Texas rallies past Golden Bears
BERKELEY, Calif. -- California refused to run up the score or beg for poll votes.
Maybe the Bears should have.
|“||I thought it was a little classless how Coach Brown was begging for votes after the [Texas A&M] game. I think a team's record and the way you play should speak for itself, and you shouldn't have to complain about the BCS system. ”|
|— Cal QB Aaron Rodgers|
Cal (10-1) was left out of the Bowl Championship Series, denied one of the eight spots in college football's big-money games despite a season of statistical superlatives and dominating victories.
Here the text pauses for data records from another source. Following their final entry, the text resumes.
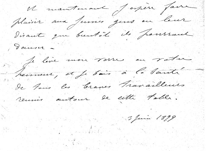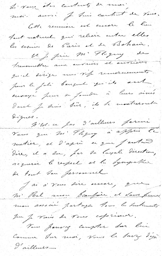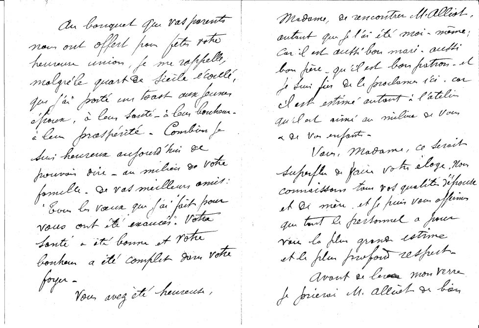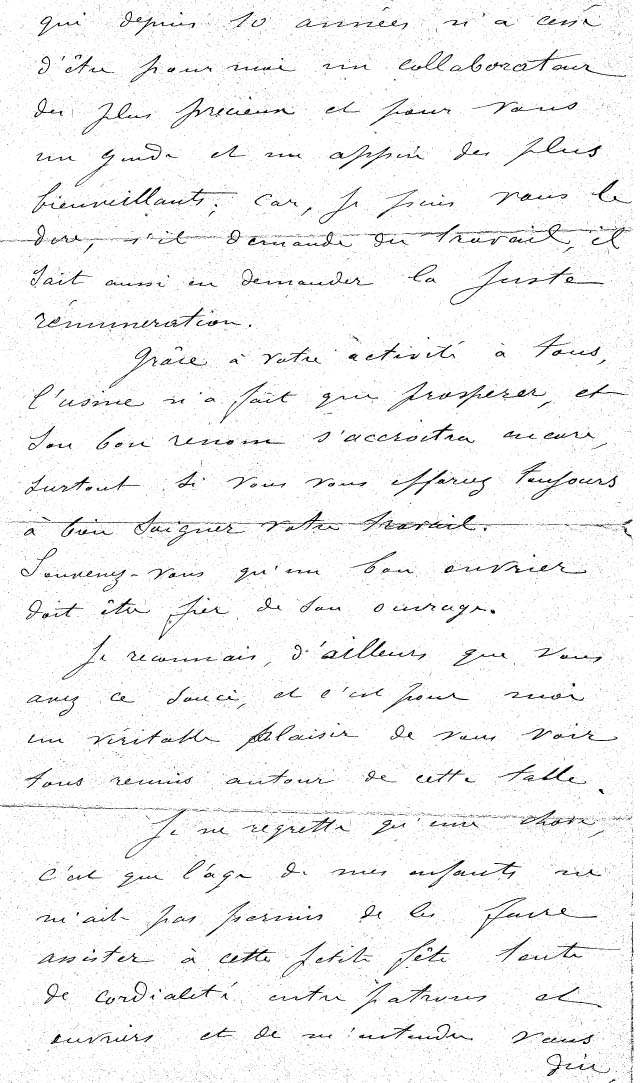 "(…… ) Ce bronze (… ) vous rappellera notre amitié, vous dira combien nous vous aimons, et plus tard, quand nous n’y serons plus, cette image fortifiera le cœur de vos enfants, leur montrera le bon chemin et, j’ose l’espérer, ils suivront votre exemple et verront que le cœur de l’ouvrier laborieux et honnête ne se donne pas à tout le monde mais à ceux là seulement qui le considèrent et l’apprécient.(……) Oui, dix années se sont déjà écoulées …. Que de choses j’aurais à rappeler depuis cette époque…. N’ai-je pas vu cette maison enfant, ne l’ai-je pas vue grandir, prospérer, n’ai-je pas vu tomber les murs pour les voir réédifier plus loin ? C’est à ce moment que j’ai commencé à admirer votre intelligence pour la façon avec laquelle vous saviez remettre tout à sa place (…)"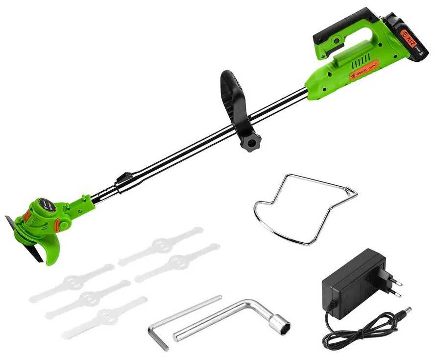 Двигатель очень слабый. Насадки которые в комплекте должным образом не работают. Переставил ручку с аккумулятором на другой триммер. Металлические вставки на головке под леску , вылетают сразу. Советую использовать с одним усиком лески. К покупке не советую.
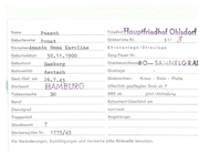 Name Pa~a~s~c~hL__________________ FriedhofRauptfriedhof Ohfsclorf Geburtsname Pnna t Gräberliste Nr. VornamenAmanda Emma 30.11.1900 Geburtsdatum Geburtsort Karoline Harnburg _N_a_ti_o_na _ l_it_ä_t ____.. ,d eu t s eh § 1I Ehrenanlage /Streulage Sarg/ Feuer Nr. Grabbezeichnun~ O- SA.vlME LG RAJ Grablage ·- ------- Gest./Gef. am 26.7 .~ Grabzeichen: Sterbeort BAMBUR_G"'-'- -1_ _ öffentlich gepflegtes Grab ab P BO Todesursache RRE ab Kreuz - Stele - Platte jährl.l Abfindung Beruf Exhumiert / überführt am Dienstgrad von / nach Truppentei_l _ _ Angehörige: --------------------- Standesamt Sterberegister Nr. '7 ,z 7 1775/43 Für Veränderungen, Berichtig unge n und Vermerke bitte Rückseite benutzen.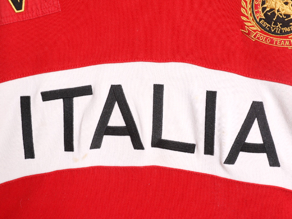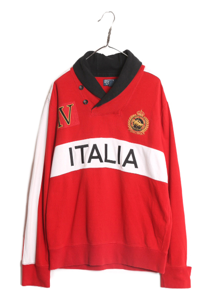 00年代のオールド 人気ブランド POLO RALPH LAUREN のショールカラースウェットです。 素材は、85% COTTON : 15% ACRYLIC 着心地抜群の裏起毛スウェット素材が使用されています。 襟内に補強、肩にはしっかりとしたキルティング補強 脇にも補強とベンチレーション 人気のショールカラー フロントに ITALIA 刺繍 左胸にダブルポニーのエンブレム刺繍 右胸にナンバリングパッチ刺繍入り レッド × ホワイト × ブラック の好配色トリコカラー切替 人気のイタリア代表モデル 本格的ラガーシャツ同様のしっかりとした作り ラガーシャツの要素をスウェット素材に落とし込んだ ラルフローレンらしい細部までこだわりを感じる 他ではまったく見かけない唯一無二のグッドデザイン これだけで様になる、お勧めの商品です。 |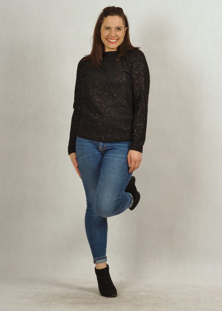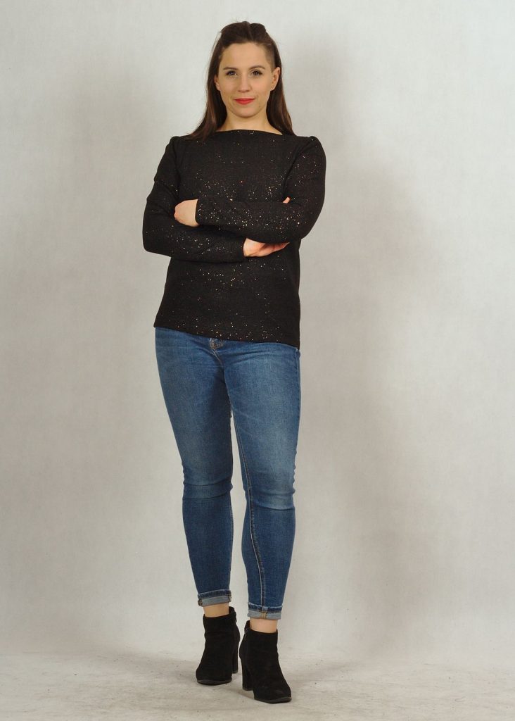 Doskonały sweterek z dzianiny, bardzo miękkiej i przyjemnej w dotyku, która zawiera w składzie wiskozę. Może zachwycić Cię funkcjonalnością.
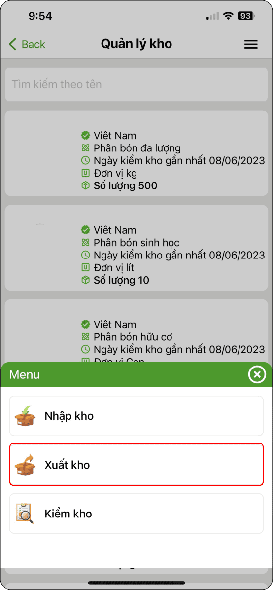 Tại màn hình “Quản lý kho” của nông hộ (Hình 1) → Chọn biểu tượng đa nhiệm (Hình 1) → Chọn “Xuất kho” (Hình 2) → Hiển thị màn hình danh sách chứng từ xuất kho (Hình 2) → Chọn vào chứng từ trên danh sách để xem chi tiết (Hình 3).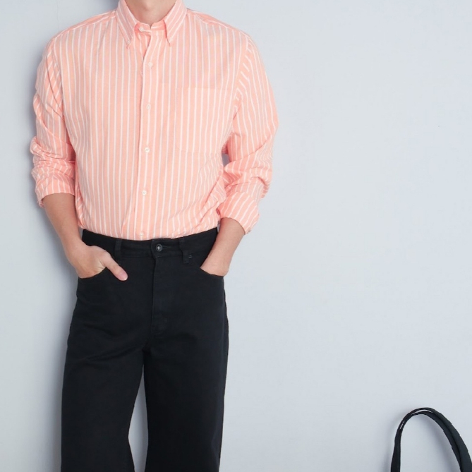 era-won Premium Quality เสื้อเชิ้ต คอปก Dress shirt Regular Shirt แขนยาว สี Orange

The fourth-ranked Golden Bears will be stuck at the Holiday Bowl while Texas plays in the Rose Bowl.
Cal's Rose Bowl drought reached 46 years despite one of the best regular seasons in school history.
The Bears felt beaten as they left their team meeting. Quarterback Aaron Rodgers saw confusion and disappointment in his teammates when they found out their Rose Bowl dreams were replaced with a trip to San Diego to face Texas Tech.
"It just shows it's a faulty system, and we've got to do something to change it up," Rodgers said. "I bet Auburn is pretty ticked, too. ... Nobody cares about West Coast football, I don't think. I just hope Southern Cal represents us well."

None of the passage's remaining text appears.